Boy asked, "what is the hangy down thing in the back of the mouth called?" Answer: uvula . Girl blurts out, "I thought that was lower, much lower."
Do humans go through metamorphosis?
Did you know that Benjamin Franklin invented electricity?
Sophomore boy: "spaying" isn't that where they remove the claws?
In a class discussion about an article in the newspaper, a junior girl informed me that "my mother had a vasectomy" and now "she is much happier."
Junior boy walks in and announces, "I didn't know there was such a difference between boys and girls." I thought, well this explains a lot, but I didn't say anything. Then the boy announces, "I just don't understand girls." He spoke quite a mouthful there. Then his girlfriend walks in and announces "boys are so stupid." I asked why. My big mistake. I should have known better. She explains, "I shouldn't have to explain to him why I'm mad at him. He should know." I asked, stupidly, what sin did he commit? She stated "I told him I wanted to talk to him and he said ok." It seems that she wanted to talk later but he stupidly assumed she meant right then. No wonder the poor boy is confused. Don't you wish you could be a teenager again?
A grandparent brought her new 2 day old grandchild into my classroom. 6 pounds. Sleeping. Very still, very quiet. She handed the baby to me. As I held her, one of my senior girls came up behind me and looked over my shoulder at the baby. In a little whispery voice, she asked me, "How old are they when their eyes open?"
In physics class we were discussing framing houses. I showed the students several different styles of house trusses. I asked the students what a "gable" was. A boy looked the word "gable" up in the internet dictionary. Without loosing a beat, he read the definition, "it is the low clucking sound made by the male turkey."

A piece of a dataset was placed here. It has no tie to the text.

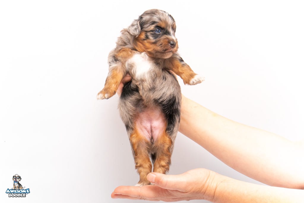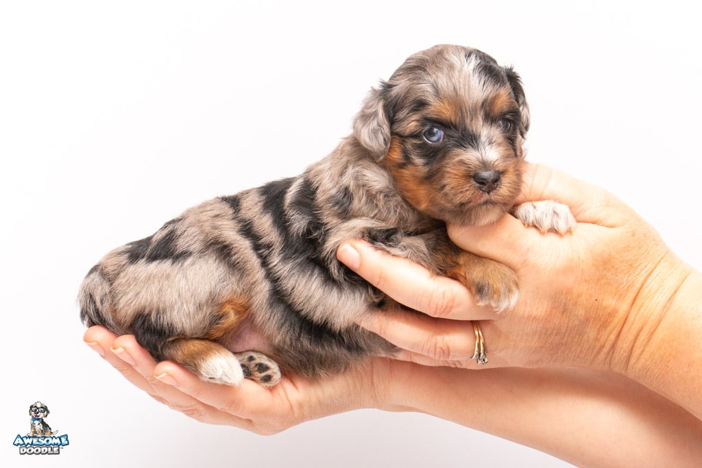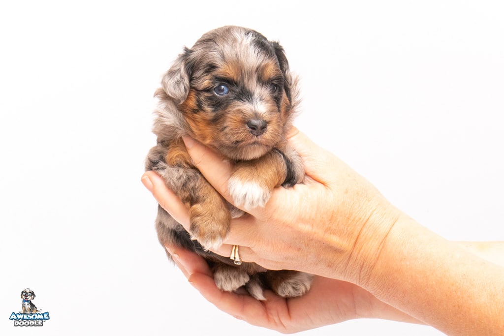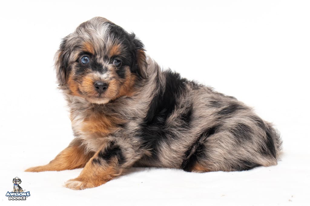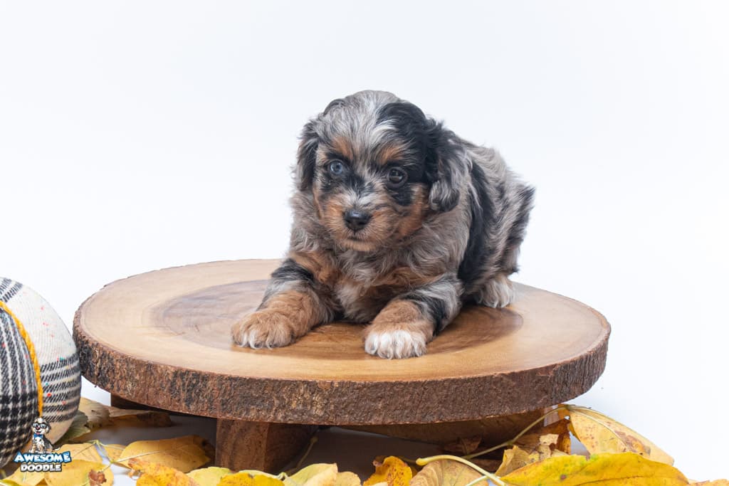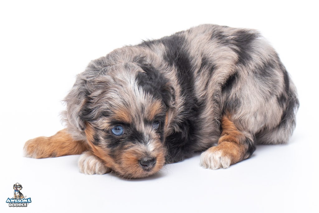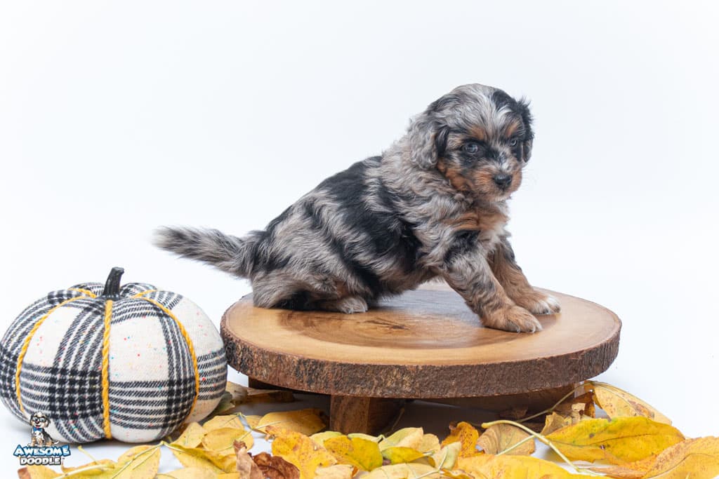 Maple is a female Phantom Blue Merle F1 AussieDoodle puppy.

I mentioned that colleges east of the Mississippi River like for students to take the SAT test and that colleges west of the Mississippi River like for students to take the ACT test. A girl promptly asked me if we were east or west of the Mississippi. As I was showing her where Idaho and where the Mississippi River are located on the map (noting that we are definitely to the west of the Mississippi River), another girl is fervently explaining to the class that I am wrong and that it depends on whether one is facing the north or facing the south as to whether Idaho is to the east or the west of the Mississippi River. As I understood her logic, if I am facing north, then the M. River is to the east of Idaho; however, if I am facing south, then the M. River is to the west of Idaho. You try to figure this logic out.
Just as a point of order, Julius Caesar was NOT "a great American citizen." Someone needs to go read his history book.

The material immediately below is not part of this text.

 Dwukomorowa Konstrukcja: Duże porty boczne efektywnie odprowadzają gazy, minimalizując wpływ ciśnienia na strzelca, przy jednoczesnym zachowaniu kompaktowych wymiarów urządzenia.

Student asked, "Is Montana in Idaho?"
Girl called her mother to tell her that her car wasn't running right. It would go, sputter, and die. Her mother asked her if she had gas in the car. The girl responded, "yes, the little light is on that tells me it is full." -- you know, the light that means the car is empty.
The boys convinced this girl that all the stop signs that are circled in white are optional. She ran a stop sign and informed the officer that pulled her over: "it is alright, it was an optional stop sign." He thought she was on something and took her driver's license away.
I mentioned the word "menopause" and started to ask a question. Before I got the question out, a senior boy shouted, "I know what that is, it is what MEN get when they get old."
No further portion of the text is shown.